> Input data
======

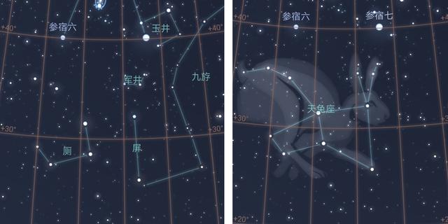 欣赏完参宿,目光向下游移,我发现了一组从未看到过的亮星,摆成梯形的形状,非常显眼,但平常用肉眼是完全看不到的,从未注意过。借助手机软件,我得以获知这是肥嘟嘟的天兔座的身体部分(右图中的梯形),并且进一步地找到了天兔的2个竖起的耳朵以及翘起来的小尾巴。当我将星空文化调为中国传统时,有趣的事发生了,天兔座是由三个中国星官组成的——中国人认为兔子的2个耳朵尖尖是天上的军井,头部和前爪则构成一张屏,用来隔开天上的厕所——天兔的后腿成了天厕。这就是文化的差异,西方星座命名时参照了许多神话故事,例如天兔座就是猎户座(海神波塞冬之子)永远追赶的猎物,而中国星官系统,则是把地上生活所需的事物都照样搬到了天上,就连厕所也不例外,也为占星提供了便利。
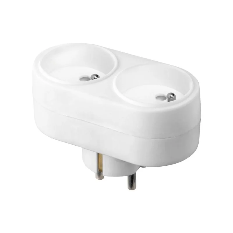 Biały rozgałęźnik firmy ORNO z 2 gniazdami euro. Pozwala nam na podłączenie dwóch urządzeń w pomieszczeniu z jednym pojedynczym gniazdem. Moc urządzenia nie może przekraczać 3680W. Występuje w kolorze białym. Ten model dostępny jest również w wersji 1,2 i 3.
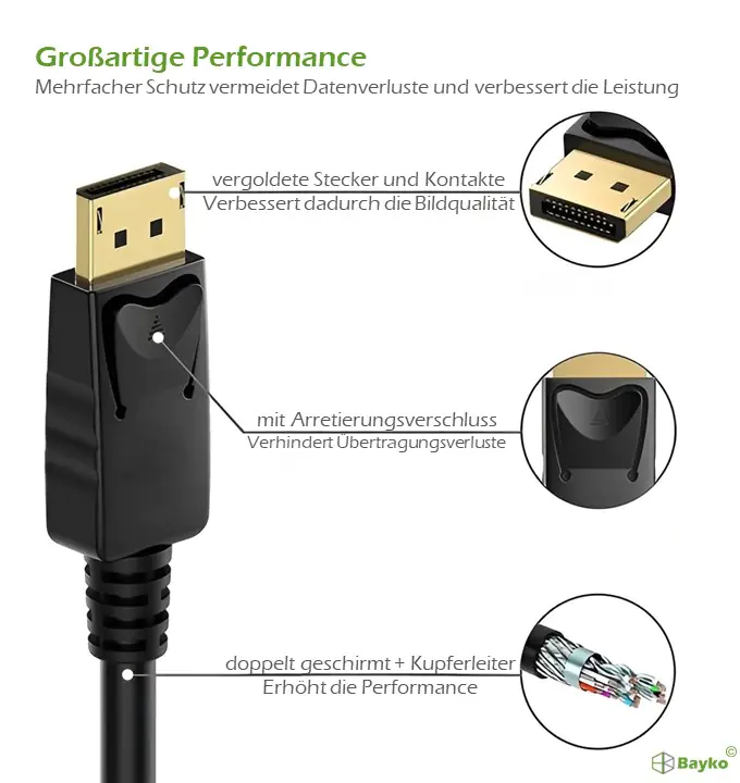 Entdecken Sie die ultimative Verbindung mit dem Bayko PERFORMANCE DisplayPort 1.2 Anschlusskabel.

======

> Exercise prompt
The job is to set down the whole listing exactly, excluding any images.

> Answer section
 欣赏完参宿,目光向下游移,我发现了一组从未看到过的亮星,摆成梯形的形状,非常显眼,但平常用肉眼是完全看不到的,从未注意过。借助手机软件,我得以获知这是肥嘟嘟的天兔座的身体部分(右图中的梯形),并且进一步地找到了天兔的2个竖起的耳朵以及翘起来的小尾巴。当我将星空文化调为中国传统时,有趣的事发生了,天兔座是由三个中国星官组成的——中国人认为兔子的2个耳朵尖尖是天上的军井,头部和前爪则构成一张屏,用来隔开天上的厕所——天兔的后腿成了天厕。这就是文化的差异,西方星座命名时参照了许多神话故事,例如天兔座就是猎户座(海神波塞冬之子)永远追赶的猎物,而中国星官系统,则是把地上生活所需的事物都照样搬到了天上,就连厕所也不例外,也为占星提供了便利。
 Biały rozgałęźnik firmy ORNO z 2 gniazdami euro. Pozwala nam na podłączenie dwóch urządzeń w pomieszczeniu z jednym pojedynczym gniazdem. Moc urządzenia nie może przekraczać 3680W. Występuje w kolorze białym. Ten model dostępny jest również w wersji 1,2 i 3.
 Entdecken Sie die ultimative Verbindung mit dem Bayko PERFORMANCE DisplayPort 1.2 Anschlusskabel.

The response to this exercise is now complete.